Assigned task:
When you repeat the entries below, please keep them exact and leave out the pictures.

--

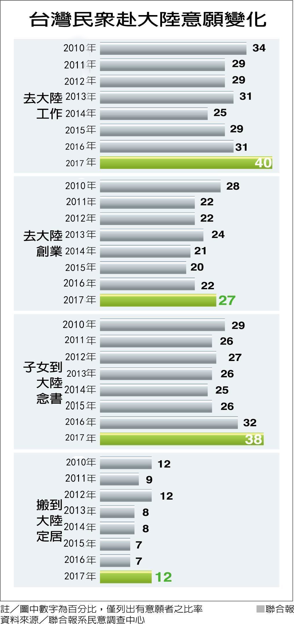說到這兒,不知道大家還記不記得之前《聯合報》做的“兩岸關系年度大調查”,當時的結果顯示在兩岸趨勢上,有四成臺灣民眾愿意赴大陸就業,較去年大幅增加九個百分點,其中30歲以下年輕人的“西進”意愿由去年的三成增為五成三;另有三成八的家長愿意讓孩子去大陸念書,這也創了八年來的新高點。
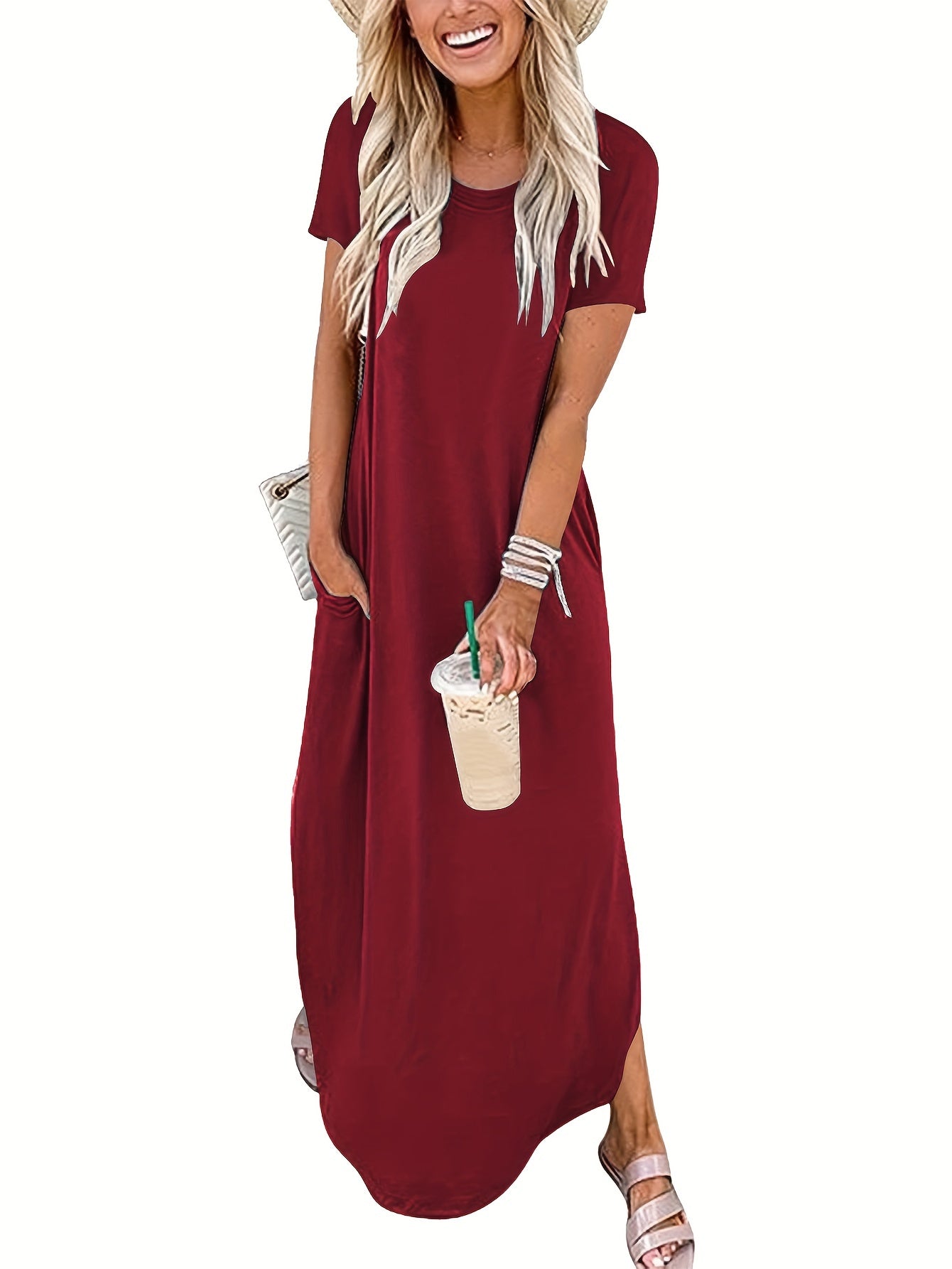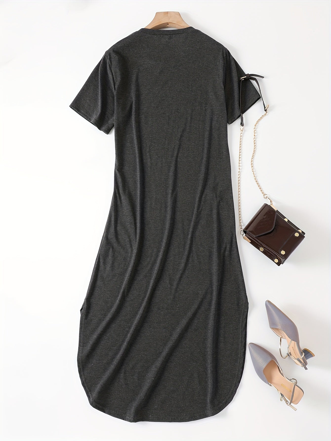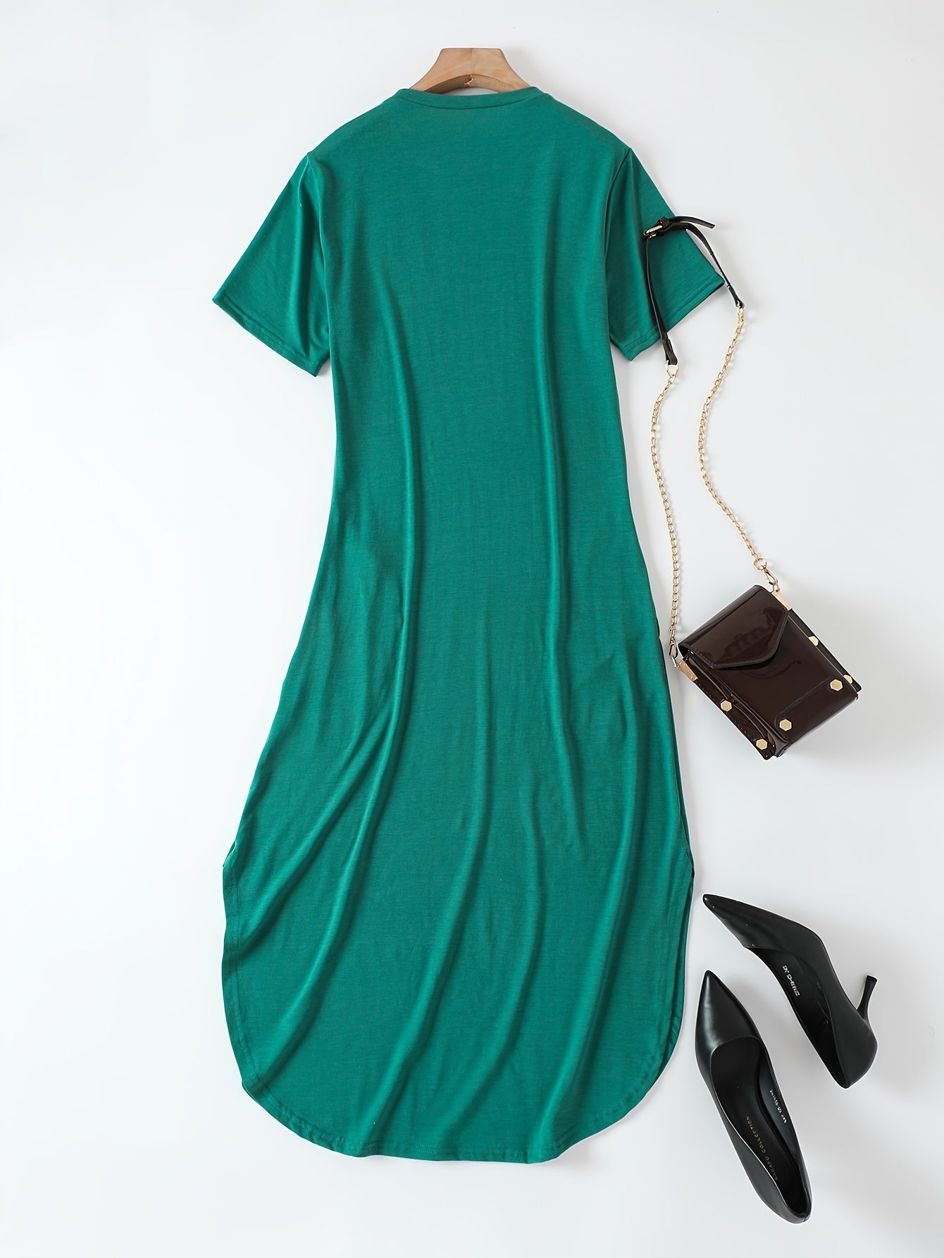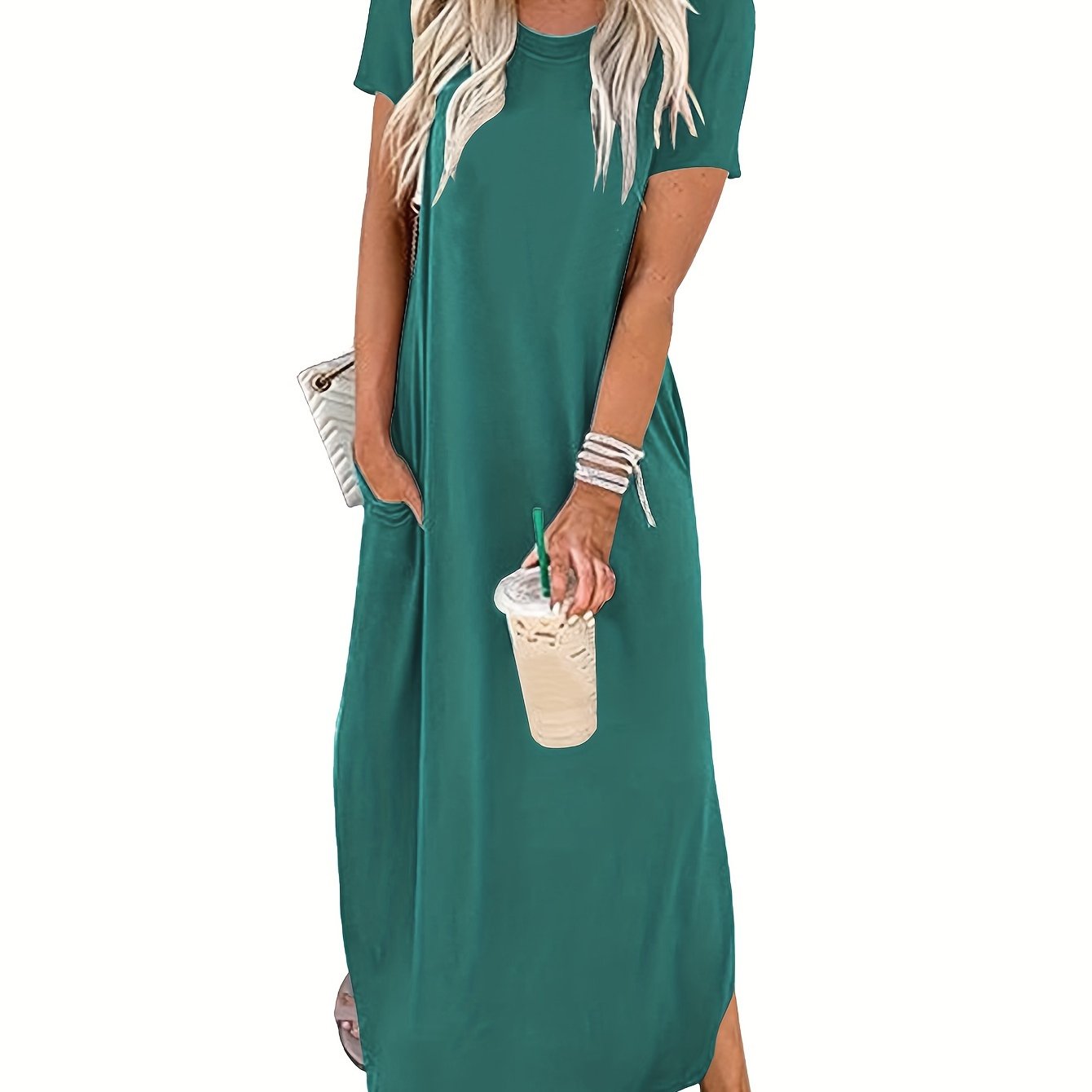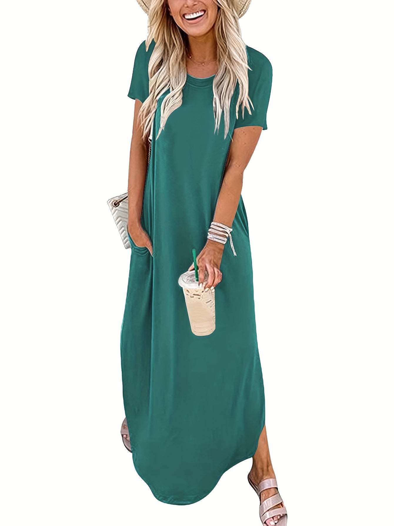 Schlicht, stilvoll und doch voller Ausdruck – dieses einfarbige Maxikleid mit elegant geschwungenem Saum begleitet dich mühelos durch Frühling und Sommer. Der klassische Rundhalsausschnitt bringt Ruhe in den Look, während der fließende Schnitt deine natürliche Schönheit betont. Egal ob Stadtspaziergang, Urlaubstag oder Gartenfest – dieses Kleid passt immer und lässt dich dabei strahlen.
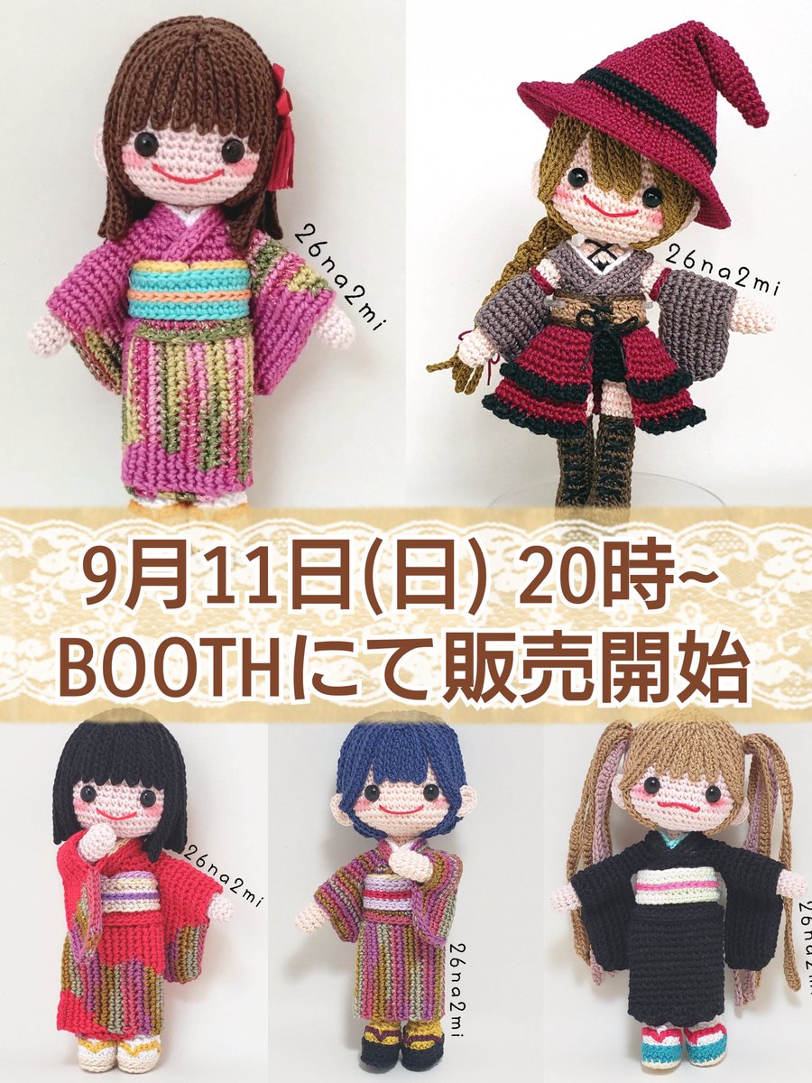 【通販のお知らせ】 明日、9月11日(日)20時~ BOOTHにて #あみぐるみ 5点販売します! よろしくお願いします! 商品ページはこちら↓ 26na2mi.booth.pm
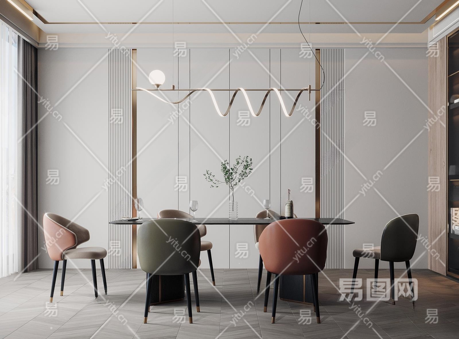 现代家居餐厅3D模型下载
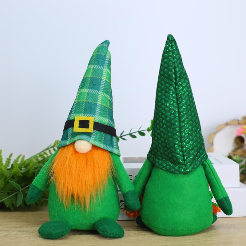 2Pcs Clover Faceless Doll Decoration St. Patrick'S Day Party Decoration Irish Green Clover Faceless Doll Festival Ornaments

--

Solution to this exercise:
說到這兒,不知道大家還記不記得之前《聯合報》做的“兩岸關系年度大調查”,當時的結果顯示在兩岸趨勢上,有四成臺灣民眾愿意赴大陸就業,較去年大幅增加九個百分點,其中30歲以下年輕人的“西進”意愿由去年的三成增為五成三;另有三成八的家長愿意讓孩子去大陸念書,這也創了八年來的新高點。
 Schlicht, stilvoll und doch voller Ausdruck – dieses einfarbige Maxikleid mit elegant geschwungenem Saum begleitet dich mühelos durch Frühling und Sommer. Der klassische Rundhalsausschnitt bringt Ruhe in den Look, während der fließende Schnitt deine natürliche Schönheit betont. Egal ob Stadtspaziergang, Urlaubstag oder Gartenfest – dieses Kleid passt immer und lässt dich dabei strahlen.
 【通販のお知らせ】 明日、9月11日(日)20時~ BOOTHにて #あみぐるみ 5点販売します! よろしくお願いします! 商品ページはこちら↓ 26na2mi.booth.pm
 现代家居餐厅3D模型下载
 2Pcs Clover Faceless Doll Decoration St. Patrick'S Day Party Decoration Irish Green Clover Faceless Doll Festival Ornaments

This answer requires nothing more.